A new study has just been published which suggests the best spots to search for life on Saturn’s largest moon Titan. The conclusion that was reached is that the moon’s very largest craters show the most promising spots that could potentially harbor the building blocks of life.
Scientists have long wondered if there is life hidden on Titan and, if not, why there wouldn’t be. This moon of Saturn contains an atmosphere that is composed of methane and nitrogen, and both large and small liquid methane and ethane lakes can be found nestled on Titan’s surface, as Phys.org report.
While Titan is known for having quite extreme temperatures of -300 degrees Fahrenheit (-179 degrees Celsius), it could be that biochemical reactions may simply never happen. Yet scientists long to know if the possibility for life exists here, and one team has used data and imagery that were taken from both the Huygens Probe and the Cassini spacecraft to determine the best spots where biological molecules might lurk on this moon’s surface.
University of Western Ontario planetary scientist Dr. Catherine Neish led the most recent research on possible hiding places for life on Titan, and noted that craters were by far the best spots to search for this life.
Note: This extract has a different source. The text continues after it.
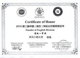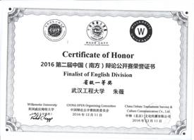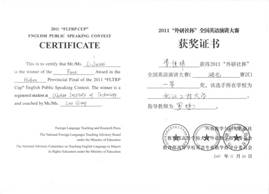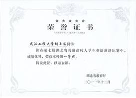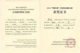 “外研社杯”全国英语演讲大赛湖北赛区一等奖
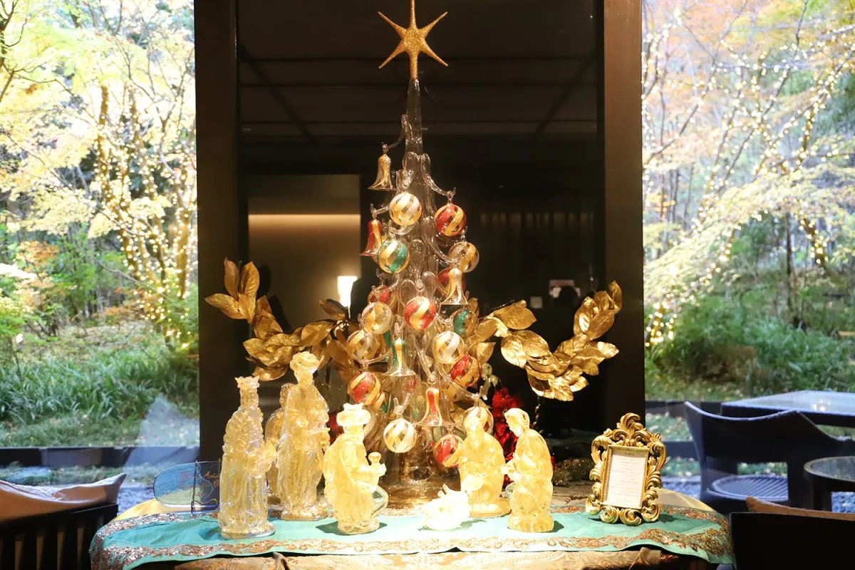 コラボレーションでは、箱根ガラスの森美術館が所蔵する多種多様なヴェネチアン・グラス作品や、冬のシンボルである「プレゼピオ」を「天悠 The Bar & Lounge」で展示します。プレゼピオは、中世のクリスマスにおいて重要な装飾品で、ガラス製の聖人形が特に有名です。19世紀以降、この伝統はムラーノ島で受け継がれ、現在でも多くの人々を魅了しています。小さなガラス人形たちが演出する温かな物語の数々は、冬のひとときをより特別なものにしてくれるでしょう。

“Craters really emerged as the clear winner for three main reasons. One, is that we’re pretty sure there are craters on Titan. Cratering is a very common geologic process and we see circular features that are almost certainly craters on the surface.”
The second reason why Titan’s craters would be an excellent place to search for life is because there would be a significant amount of melt in craters when compared with a cryovolcano, which, as Neish explained, is of considerable importance as craters “take longer to freeze so [the water] will stay liquid for longer.”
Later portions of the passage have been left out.